TASK INSTRUCTIONS →
The entries below contain pictures, which are to be left out; write out exactly, and only, the lines from the line with "US singer Pink" up to and including the line with "A flagbearer carries".

DATA →
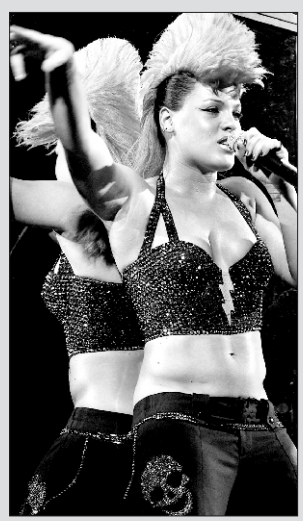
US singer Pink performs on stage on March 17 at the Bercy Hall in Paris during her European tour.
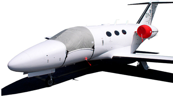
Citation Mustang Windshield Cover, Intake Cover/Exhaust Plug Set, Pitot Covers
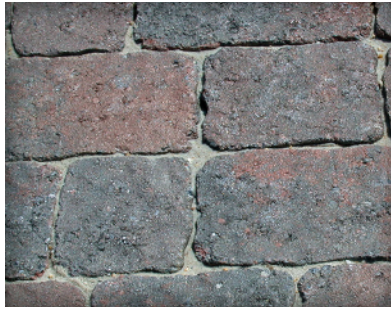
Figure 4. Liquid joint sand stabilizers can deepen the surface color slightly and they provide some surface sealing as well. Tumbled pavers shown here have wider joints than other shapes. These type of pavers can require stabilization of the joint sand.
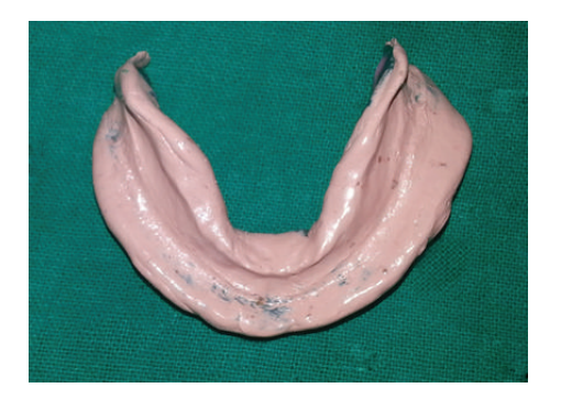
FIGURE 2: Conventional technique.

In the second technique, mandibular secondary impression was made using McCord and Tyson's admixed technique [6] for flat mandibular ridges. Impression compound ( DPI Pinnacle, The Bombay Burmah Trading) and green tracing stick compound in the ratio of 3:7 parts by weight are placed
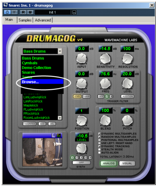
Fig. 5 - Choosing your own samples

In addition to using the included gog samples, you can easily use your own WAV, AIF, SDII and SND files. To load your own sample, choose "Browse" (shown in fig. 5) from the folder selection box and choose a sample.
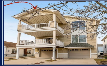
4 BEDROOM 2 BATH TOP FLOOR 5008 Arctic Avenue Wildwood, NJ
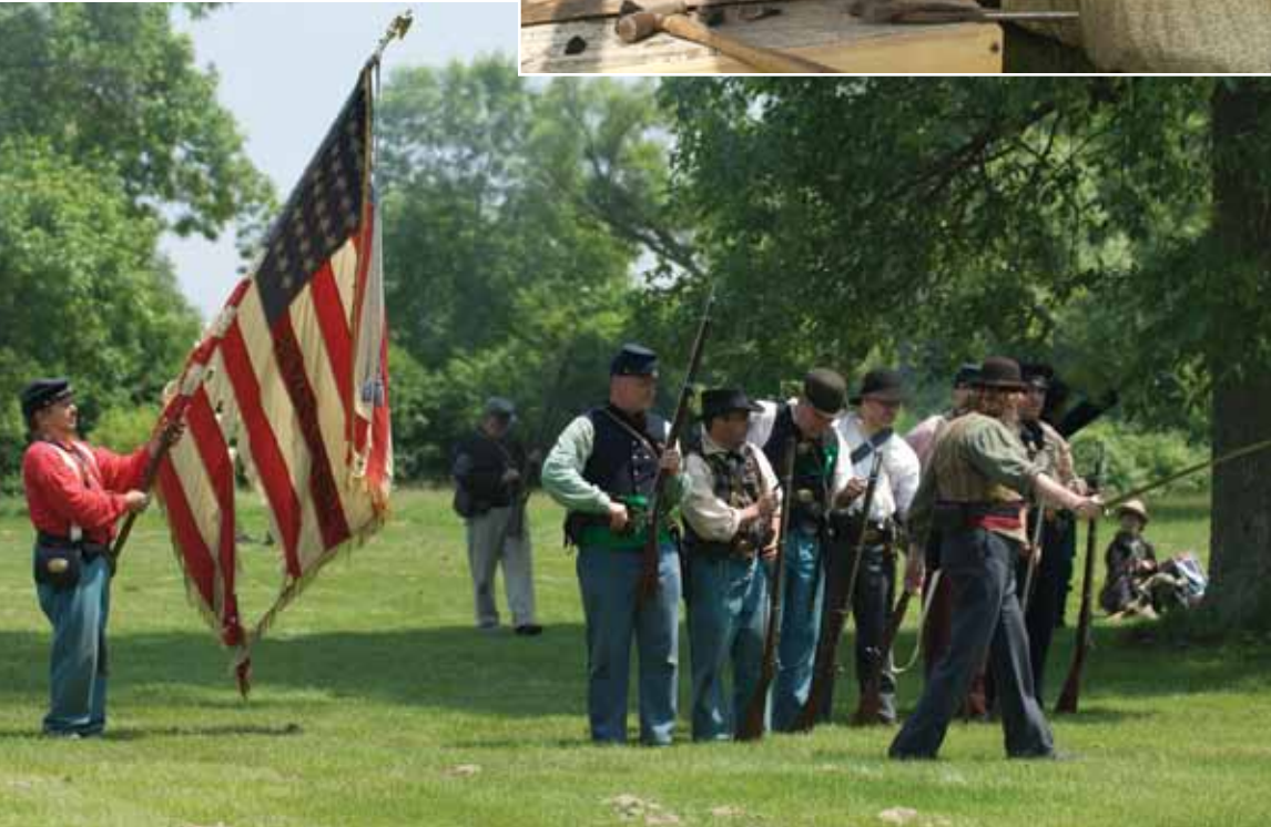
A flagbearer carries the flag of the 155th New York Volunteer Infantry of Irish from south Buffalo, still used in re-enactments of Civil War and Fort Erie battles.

--

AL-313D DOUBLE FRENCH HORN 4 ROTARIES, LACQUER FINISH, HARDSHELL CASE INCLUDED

ANSWER TO THE PROBLEM →
US singer Pink performs on stage on March 17 at the Bercy Hall in Paris during her European tour.
Citation Mustang Windshield Cover, Intake Cover/Exhaust Plug Set, Pitot Covers
Figure 4. Liquid joint sand stabilizers can deepen the surface color slightly and they provide some surface sealing as well. Tumbled pavers shown here have wider joints than other shapes. These type of pavers can require stabilization of the joint sand.
FIGURE 2: Conventional technique.

In the second technique, mandibular secondary impression was made using McCord and Tyson's admixed technique [6] for flat mandibular ridges. Impression compound ( DPI Pinnacle, The Bombay Burmah Trading) and green tracing stick compound in the ratio of 3:7 parts by weight are placed
Fig. 5 - Choosing your own samples

In addition to using the included gog samples, you can easily use your own WAV, AIF, SDII and SND files. To load your own sample, choose "Browse" (shown in fig. 5) from the folder selection box and choose a sample.
4 BEDROOM 2 BATH TOP FLOOR 5008 Arctic Avenue Wildwood, NJ
A flagbearer carries the flag of the 155th New York Volunteer Infantry of Irish from south Buffalo, still used in re-enactments of Civil War and Fort Erie battles.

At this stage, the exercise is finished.